So how could there ever be room for the cross in any sinner’s heart when all human wisdom and pride are dead set against it? Only one way. There is only room if God makes room for the cross in the heart of man.
This is precisely what God has done for you and me. We did not accept Jesus Christ and Him crucified as the only valid belief system because we were more wise than others, or less proud than others. Paul makes that point crystal clear when he says: “For the message of the cross is foolishness to those who are perishing, but to us who are being saved it is the power of God.” (v. 18)
The preaching of the cross is not merely a message, or a proclamation of good news. It is that, but it’s also the very power which caused us to turn our backs on human wisdom and pride. Its image was stamped upon our hearts when we were baptized. It is impressed more deeply upon our souls whenever we hear that Word of Life or receive the Lord’s Holy Supper. The love of Jesus’ cross overpowered our stubborn hearts so that our faith, our world-view, our values, our outlook on life are now shaped by that shocking instrument of death on which the Son of God gave His life for our fallen race. How thankful we can be that God “…chose the lowly things of this world and the despised things—and the things that are not—to nullify the things that are, so that no one may boast before him. It is because of him that you are in Christ Jesus, who has become for us wisdom from God—that is, our righteousness, holiness and redemption.” (v. 27)

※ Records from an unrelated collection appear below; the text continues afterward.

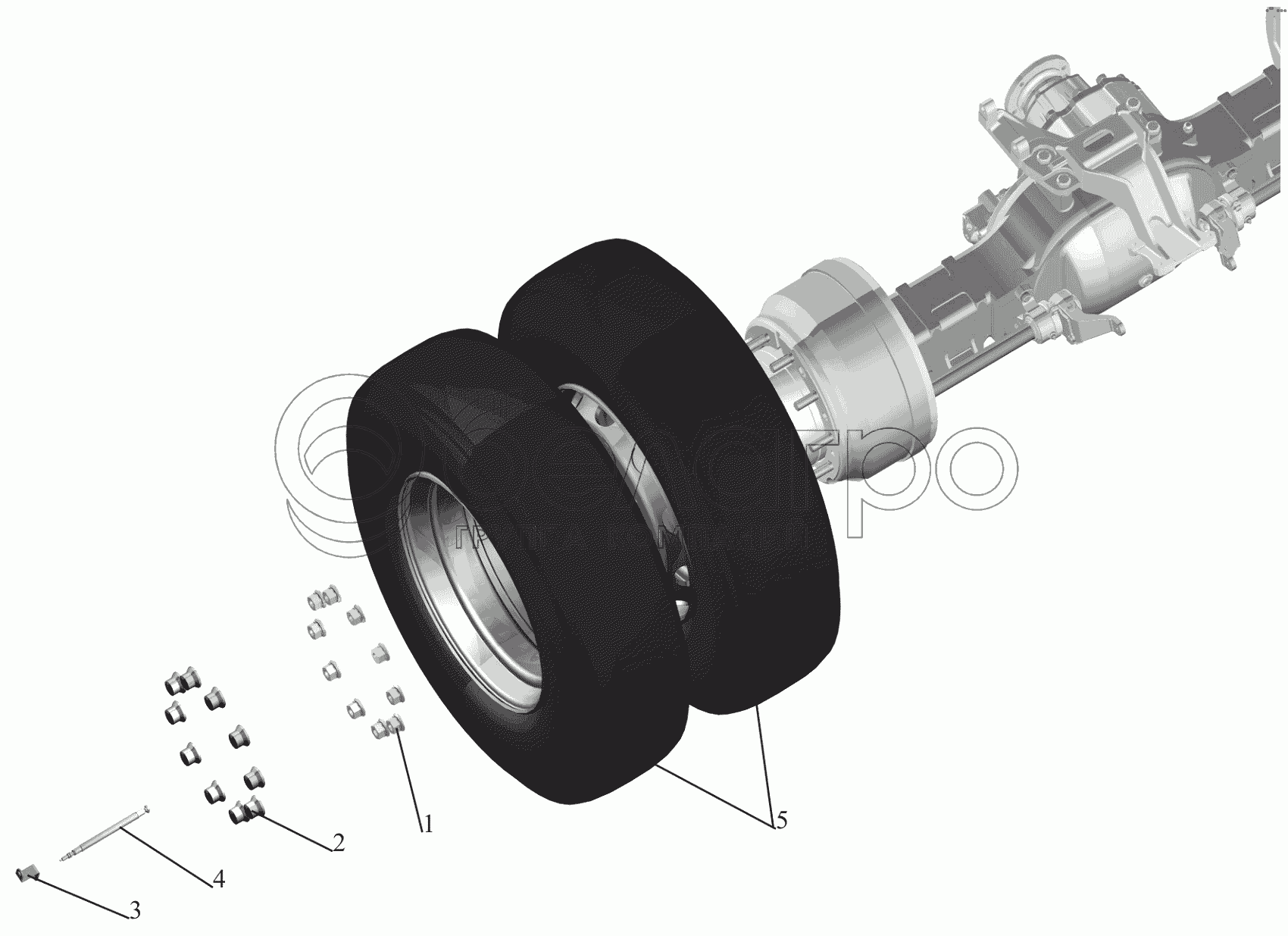 Каталог запасных частей к технике: МАЗ-650119. Установка задних колес
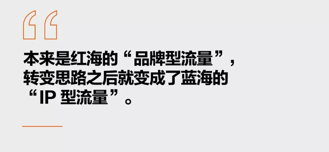 你看,本来是红海的“品牌型流量”,转变思路之后就变成了蓝海的“IP型流量”。
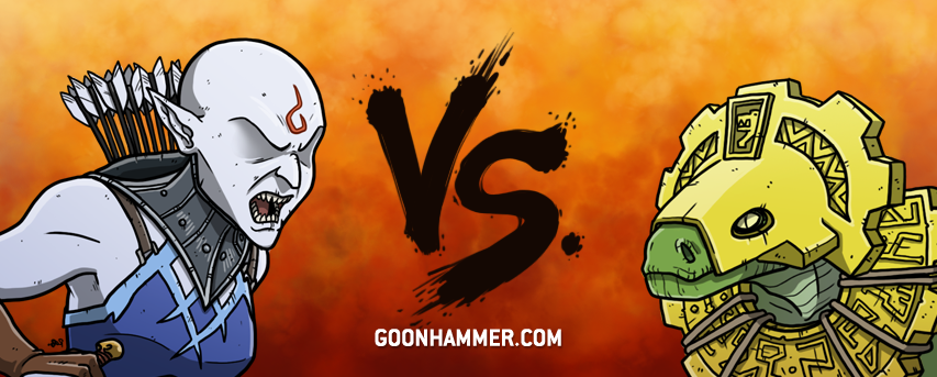 It's a cavalry battle! While the Allopexes (and Morrsarr Guard) are really wanting to charge, the Aggradons can take it or leave it. Sure they get a charge bonus but they tend to better in protracted fights, and can still do some decent damage even if charged. That said they would prefer to charge in this instance, because Allopexes get a pretty gnarly ranged attack and then can swoop in for the kill.So as always with these kinds of fights, the battle is gonna come down to who gets that crucial charge and based on the score, we can guess who.
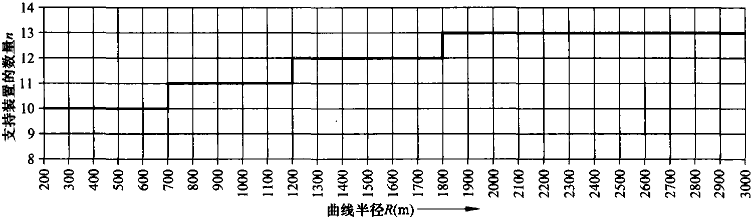圖6.14 架空接觸網(wǎng)系統(tǒng)Re200的半個錨段長度的支持裝置數(shù)量n與線路曲線半徑R之間的關(guān)系
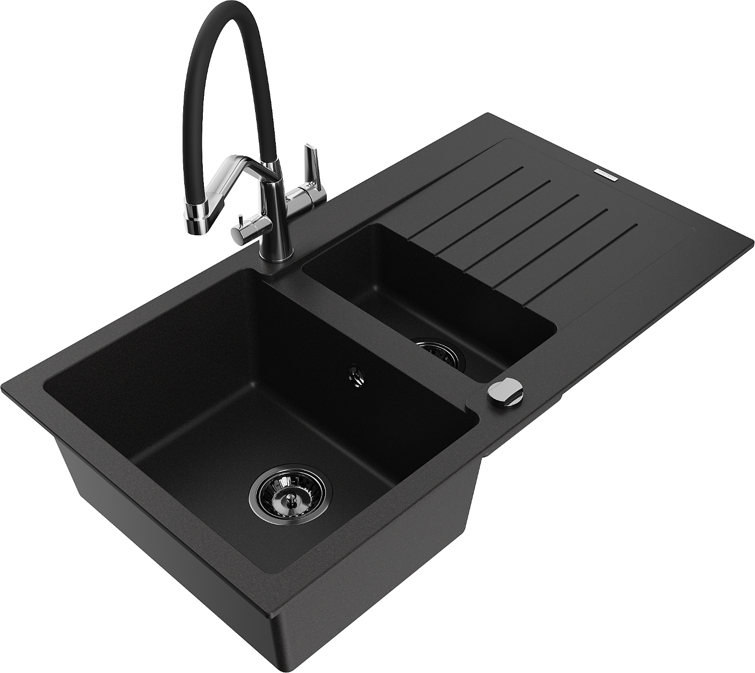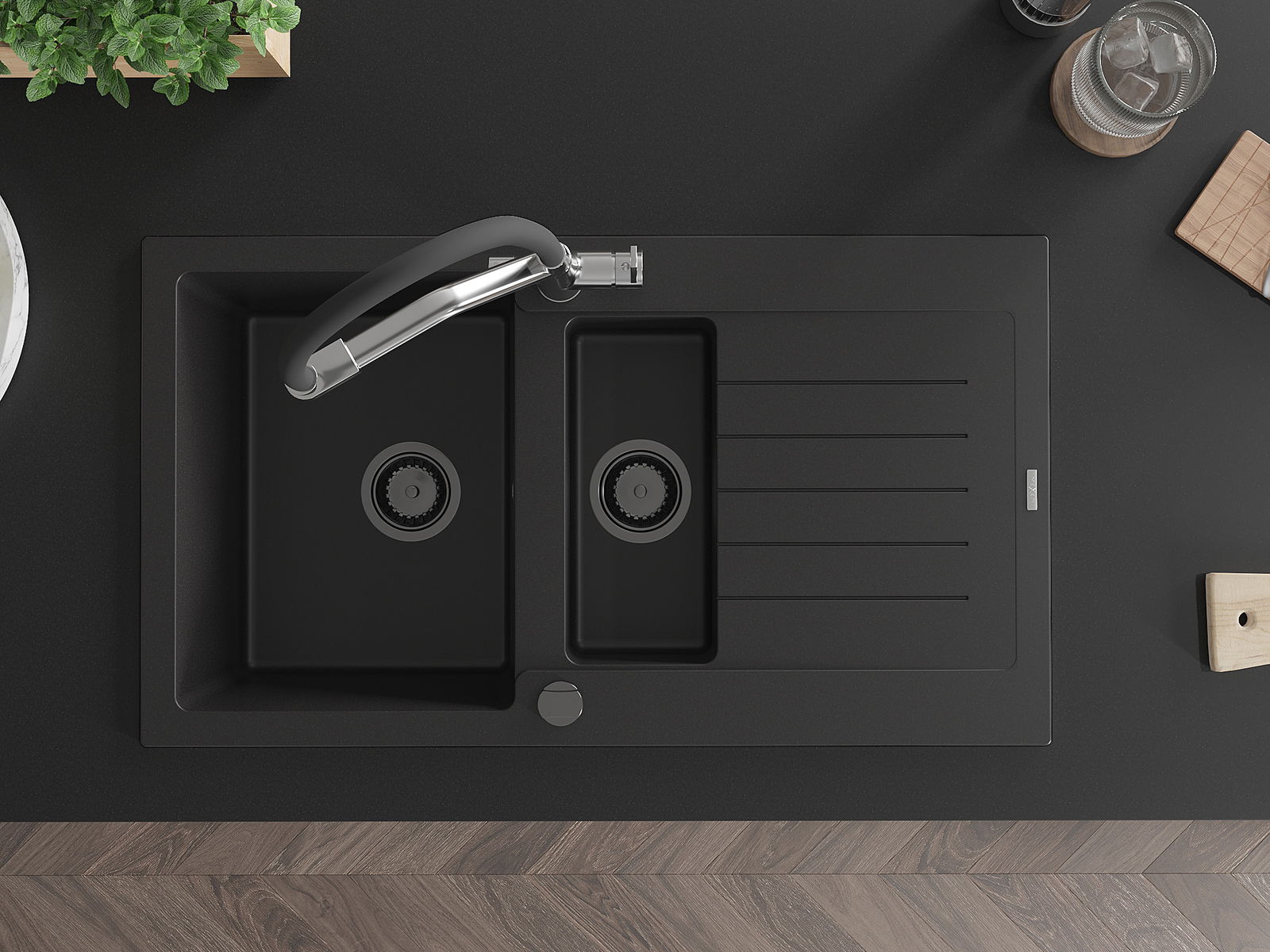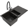 Mexen Matias granite sink 1.5-basin with drainer and Duo kitchen tap, black - 6502-77-671701-07-B

The world thinks us fools for embracing a “foolish” cross as the great meaning of life. But where has all its wisdom and pride ever gotten it? What has it offered to us that can compare to the treasure we have in that beautiful blood stained cross?
In the cross we have a God…
In the cross we have a God…
In the cross we have also been given a new way to live…
So wear that cross proudly around your neck. Hang its image on the walls of your home. But remember it’s much more than a fashion statement. It’s your faith statement that you regard the wisdom of this world as useless. It’s your declaration that the only thing worth boasting about is a Savior slain for the sins of the world. It’s you telling the world that a once dead Savior is your very reason to live, your hope in death, and the best friend anyone could ever have. Amen.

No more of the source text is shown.